I have no audio friends who like damping,to any degree!My friend,Sid,never used it in his Air Tangent.Actually,he is almost "militant" about it's negative effects on vinyl reproduction.What can I say?
I never liked my Triplaner with damping,either.BTW,correct me if I am wrong,but the damping in the 2.2 is NOT the same as the damping in the Triplaner.The 2.2 damps the bearing resonance,whereas in the "Tri",it is for horizontal tracking.Right?Wow,can you imagine an arm not having any bearings to "chatter around"?Hmm!
Though I do like my 2.2,basically because it is a "good" overall product,I admit to being more than a little interested in the Schroeder REF.
I have not heard this,but I trust Cello's intuitive approach to this hobby.He far prefers "it" to the 2.2,which is a "pain in the ass",in terms of voicing accurately."Piccolodium" again!Anyone claiming otherwise has not played with it enough!
I do hope to take Larry's invite(anew),to hear this latest arm,sometime this winter,when I go to Florida,to visit my mom.
In the meantime,and anticipating how good that "REF" must really be,in his set-up,I will be refining my "suck-up" skills. -:)

Nice couple of posts...Thanks.
Off topic, but I would love to know your top 5 pre-amps with phono stages in order of preference.
Doug, after all your posts on the subject, I bought a Triplanar from Mehran and mounted it with my ZYX Universe on my Sota Cosmos. I am floored that a tone arm can make that much of an improvement!! (moved from a Well Tempered arm) Easy to set up, but still tweaking a bit.

Particularly astounding is the improvement in bass and micro detail... for the time being, I'm not anxious to fill the damping trough, again based upon the posts here--so far the only times I hear 'shrill or honk' is from the recording as my reference records are absolutely phenomenal through the Triplanar/ZYX.
I tried the VII with very, very little damping fluid, then a bit more, then I adjusted the screw in a few positions and finally I ended using the arm without ANY fluid.
It degraded the speed and the air in the High Frequency area. It made my arm slow. Not really slow, but the way I hear the difference. Has nothing to do with the Cartridges, I tried a few and the Result was always identical.

Glad you're enjoying the new setup! I've never heard a WT, but from its design I'd expect to hear just what you described on switching to a TriPlanar.
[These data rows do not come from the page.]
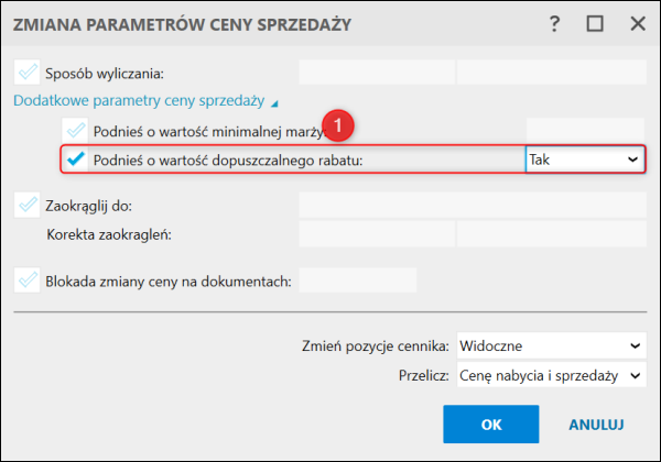 - Podwyższenie ceny sprzedaży o dopuszczalny rabat – Dopuszczalny rabat określa maksymalną wysokość rabatu podczas sprzedaży, gdy jest stosowana dana pozycja z cennika. Pole Uwzględnij dopuszczalny rabat określa, czy do sugerowanej ceny sprzedaży ma zostać doliczony dopuszczalny rabat zdefiniowany przy pozycji. Uwzględnienie dopuszczalnego rabatu w cenie sprzedaży pozwala użytkownikowi podczas sprzedaży zachować odpowiednią zyskowność nawet po wprowadzeniu maksymalnego rabatu.
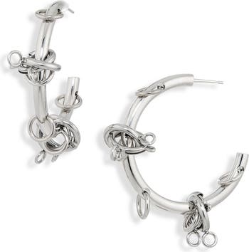 Inspired by glam rock and hardware-heavy punk influences, these handcrafted palladium-dipped open hoops are pierced and looped with ring hardware.
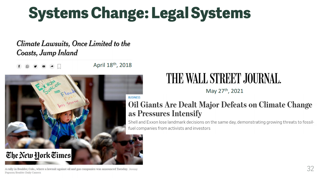 A slideshow accompanying the study session and memo features the below slide, titled “Systems Change: Legal Systems”, with media examples of the lawsuit.
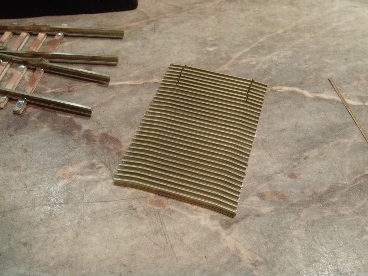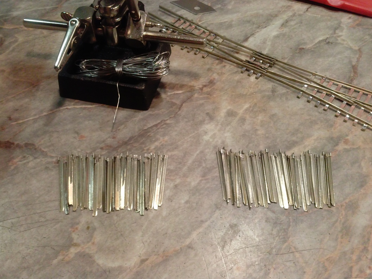 8 darab angolváltó, az testvérek között is 64 darab csúcssín! 16 sínpapucsot kellett feldarabolni, és egyenként ráforrasztgatni a sínvégekre! Na, ilyenkor jut eszembe a mondás, hogy a modellezés nem az idegbetegek sportja!  |
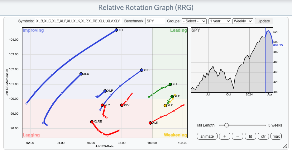 Relative Strength and momentum are also telling us where to go. XLE, XLU, XLP, XLB, XLI XLF are all giving us momentum signals to the upside. This is between both regimes. Most of these can go up in both stagflationary (as long as inflationary pressure is not too high) and reflationary. I would continue to watch XLE and XLU. If XLE continues to outperform the market will most likely trade in a risk on environment. If XLU starts to outperform we will head in to a risk off environment.
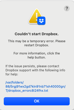 dropbox.mac.internal.MacError: [Errno -2001] Error Domain=NSFileProviderErrorDomain Code=-2001 "No se encontrĂł ningĂșn proveedor de archivos con el identificador com.getdropbox.dropbox.fileprovider/05919eb4-cd51-425b-9d84-250c5e335753." UserInfo={NSLocalizedDescription=No se encontrĂł ningĂșn proveedor de archivos con el identificador com.getdropbox.dropbox.fileprovider/05919eb4-cd51-425b-9d84-250c5e335753.}
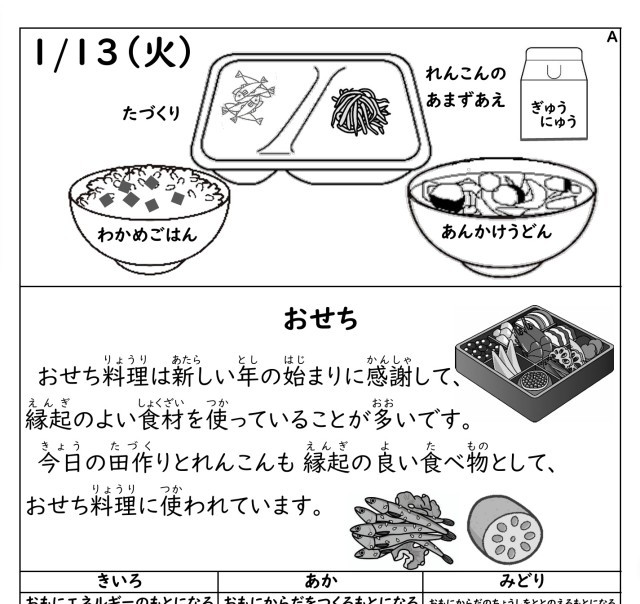今日の給食/1月13日の献立
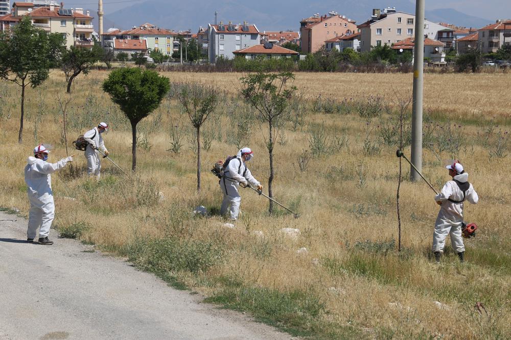 Karaman'da kent genelinde başlatılan çalışmalar ile yol kenarı, kaldırım ve boş arsalarda uzayan yabani otları temizleniyor.
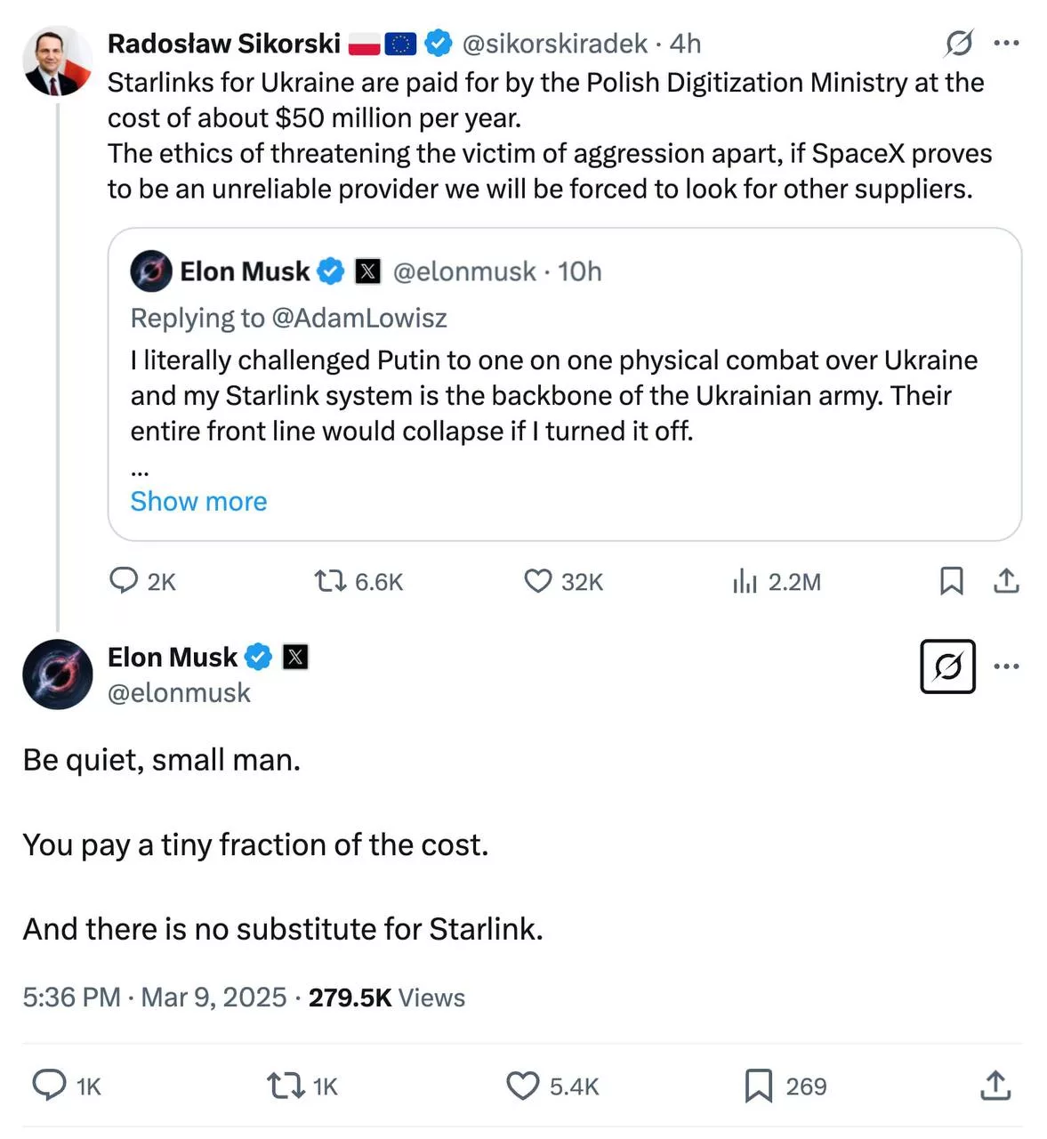 Ранее Туск написал Маску, что Польша тратит $50 млн в год на Starlink для Украины и если SpaceX окажется ненадежным поставщиком, Польша будет искать другие варианты.
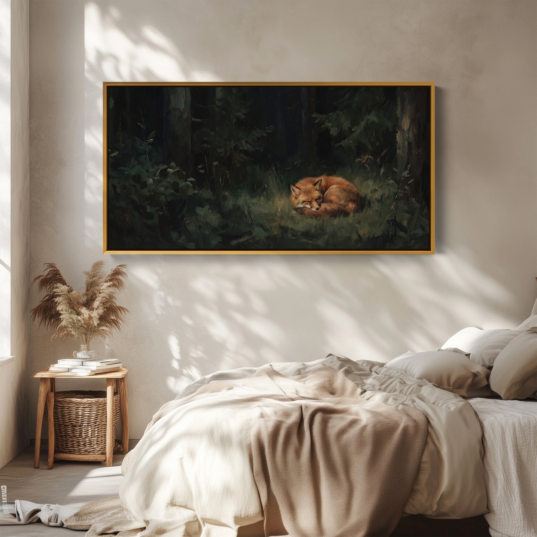 A fox is curled up asleep on the forest floor among dark green foliage. The warm brown fur contrasts gently against the deep green surroundings. This above soft wall art scene captures a peaceful woodland moment, with the fox resting quietly beneath the trees. The panoramic wall art format extends the forest setting across the frame, creating depth and calm. Designed for a bedroom, this wide wall art adds a tranquil natural element while keeping the overall mood intimate and soothing.
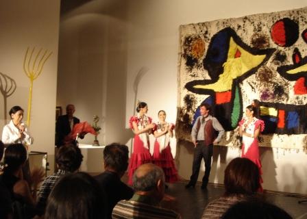 8月6日(土)はオープニングイベントとして「小松原庸子スペイン舞踊団」によるフラメンコとトークショーが行われた。当時の日本ではまだあまり知られていなかったフラメンコに出会い、スペインに渡った頃の思い出や、足は不自由ながらも素晴らしいフラメンコを踊る女性に感動して弟子入りしたエピソードなど小松原さんのトークを織り交ぜ、次々と美しいフラメンコが披露された。ミロのタピストリーの前で踊るフラメンコの数々に満席の観客席からは大きな拍手が続いた。
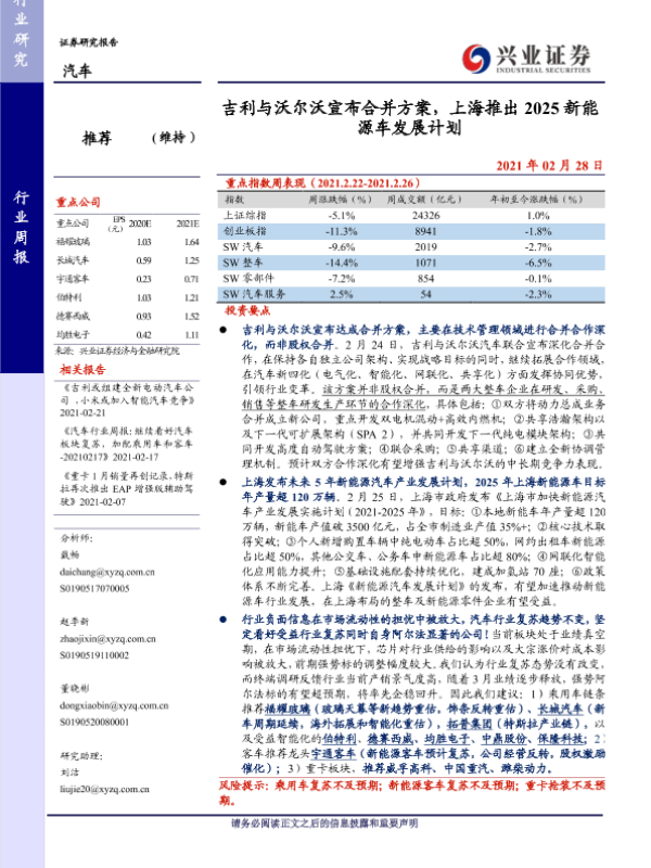【兴业证券】【20210228】20210228-兴业证券-汽车行业周报:吉利与沃尔沃宣布合并方案,上海推出2025新能源车发展计划-24页 行业研究
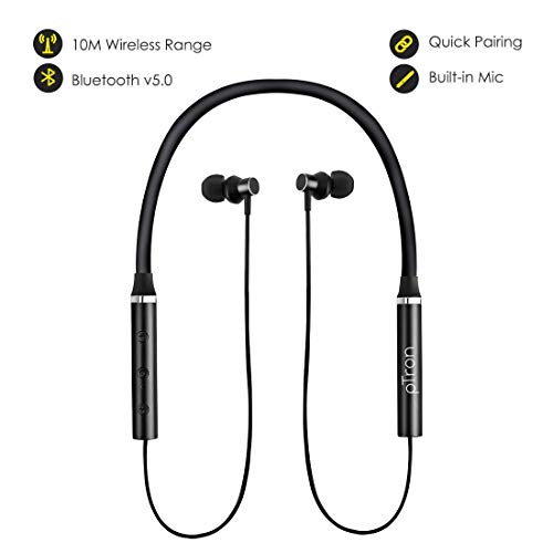 (Renewed) pTron Tangent Beats Magnetic in-Ear Wireless Bluetooth Headphones with Mic – (Black)
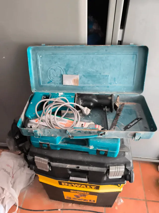 Sierra de sable Makita en buen estado, lista para usar. - Incluye maletín de transporte. - Viene con varias hojas de sierra. - Cable de alimentación.
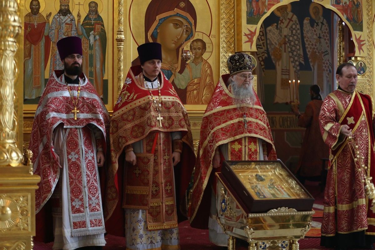 Владыке сослужили: секретарь Епархиального управления иеромонах Серафим (Пасанаев), благочинный Йошкар-Олинского церковного округа протоиерей Андрей Норкин, настоятель храма митрофорный протоиерей Евгений Кутырев, клирик храма священник Иоанн Кристев, настоятель собора Смоленский иконы Божией Матери г. Козьмодемьянска иерей Алексий Евсеев, настоятель храма Сретения Господня с. Кучки иерей Алексий Вязов, настоятель храма святителя Николая Мирликийского, чудотворца пос.Мариец иерей Николай Аникин.
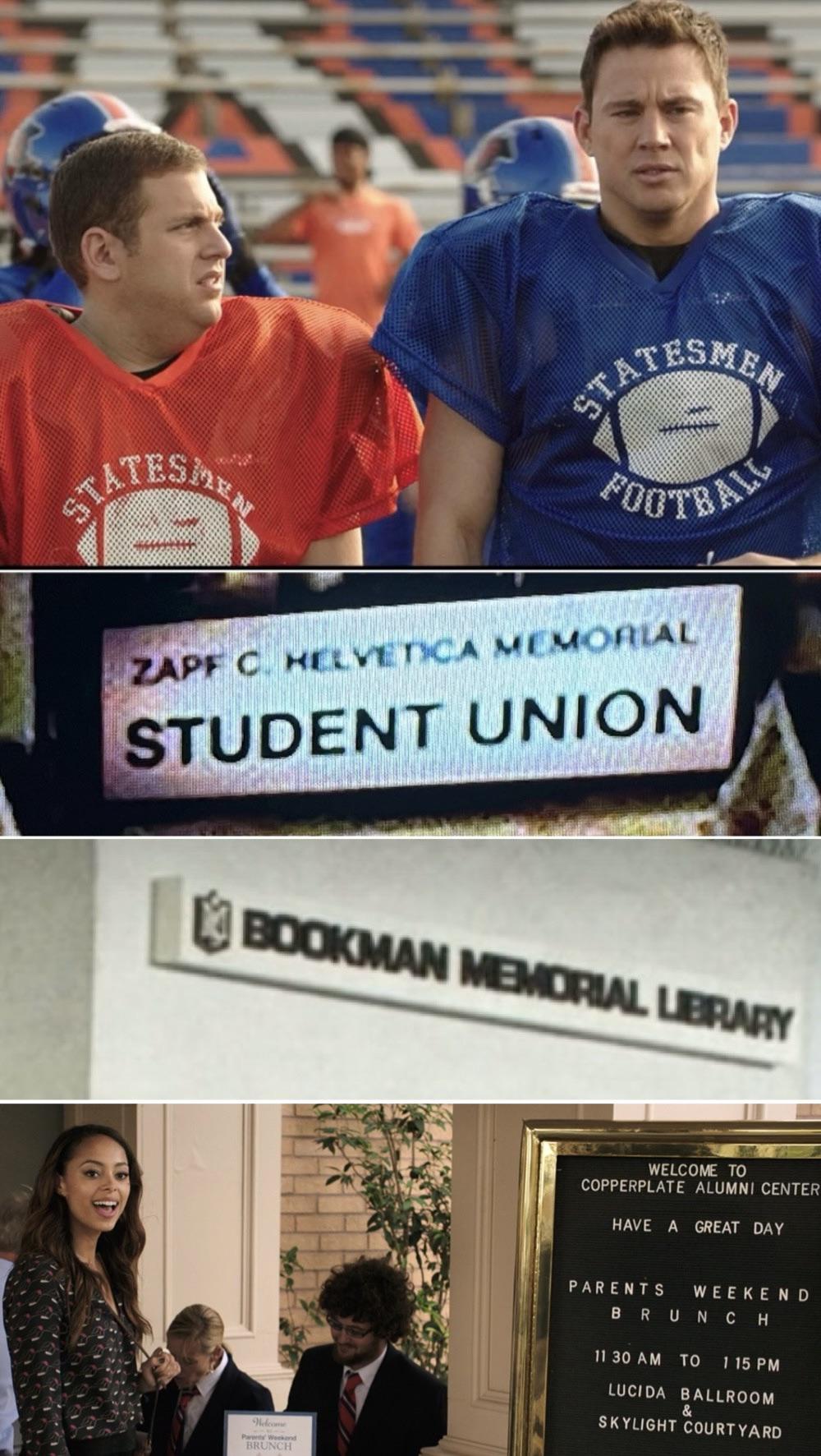 Share Facebook Twitter LinkedIn Pinterest Bluesky Threads In 22 Jump Street (2014), all the buildings and the mascot of the fictional university are just named after different fonts. by rpm319
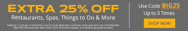 Through today, select Groupon customers can get an extra 25% off up to 3 deals! Head over to Groupon and look for a banner like the one pictured above to see if your eligible, or try code BIG25 on a deal.
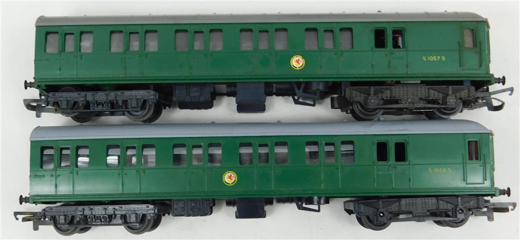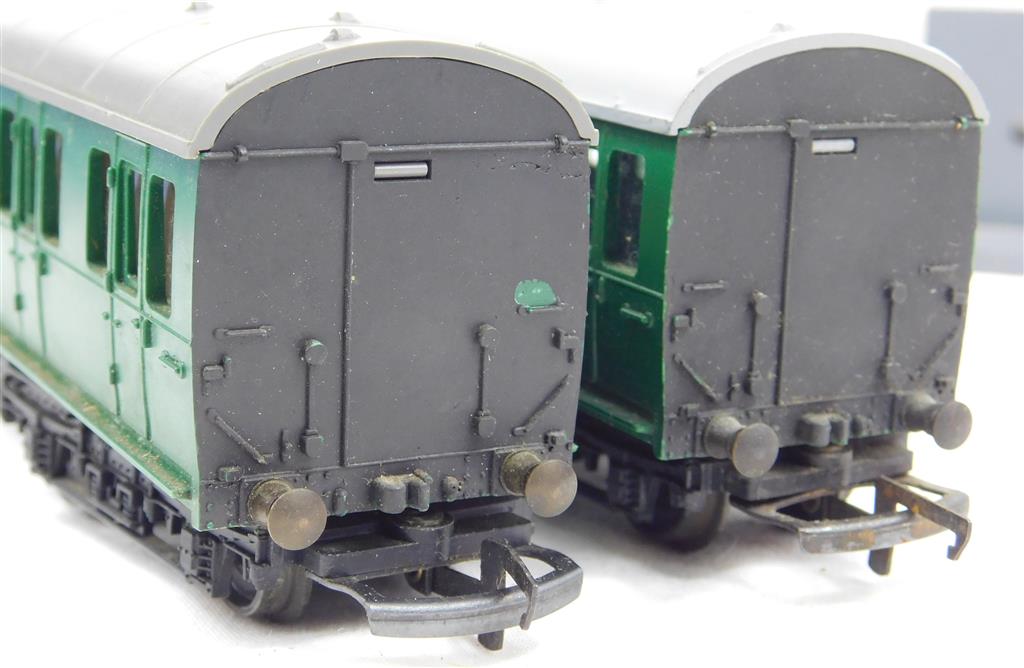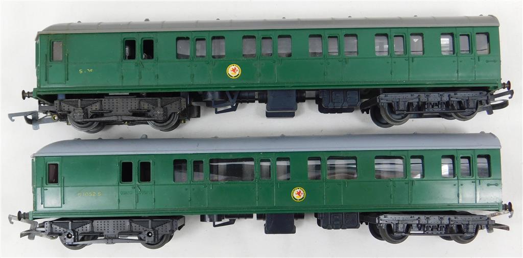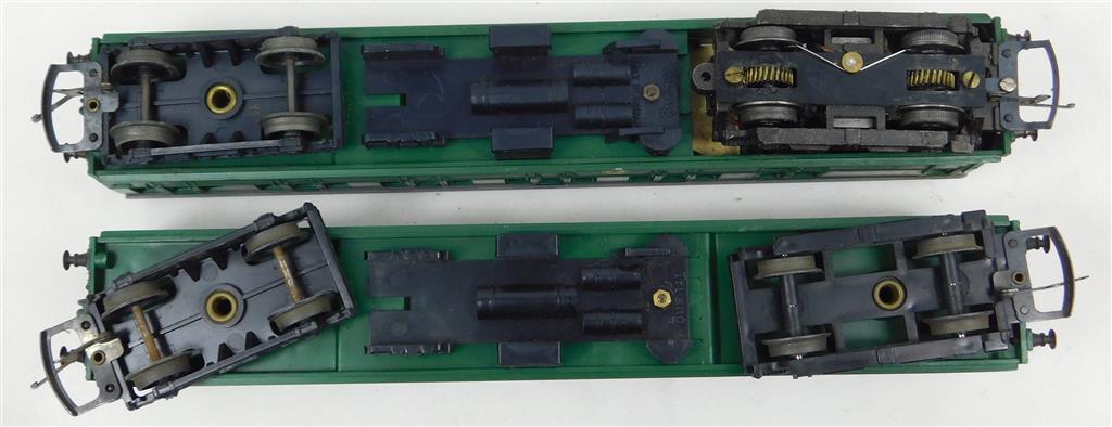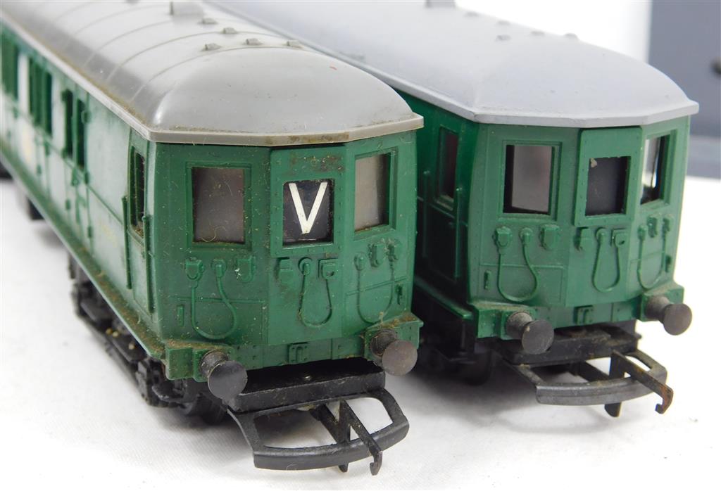A Tri-ang 2 car EMU, noisy erratic runner, needs a thorough electrical clean and lubrication, later production version with pin-point axles on the inner bogies, no original box. Please note this chassis needs a controller capable of delivering at least 600mA to run well, and doesn't like new Hornby or Peco points as it has deep flanged wheels.

Silicone damping seems to work okay in the bearing well of some unipivots but other applications are dubious, as attested by all the negative results posted on this thread. To design an entire arm around it does seem like looking for trouble.

We used to get more "honking" than we do now (which is almost never). Turns out it had nothing to do with the cartridge or arm. It was our phono and/or line stage. I don't know the rest of your system, but that might be something to look at when upgrade-itis strikes again.

If you haven't done so already, check out this thread for some additional tips on getting the most from your new arm:

Cheers and enjoy the music!
Doug, thanks for the reply. Downstream is a Sutherland PhD and then a Plinius 9200 hooked to Dunlavy Cantatas. I am changing out a cable between the PhD and the 9200 to a Cardas Golden Reference. Later looking at upgrading the 9200 to a Plinius M8/SA201. There is no end to this addiction... I printed your tips before I set the arm up, very helpful.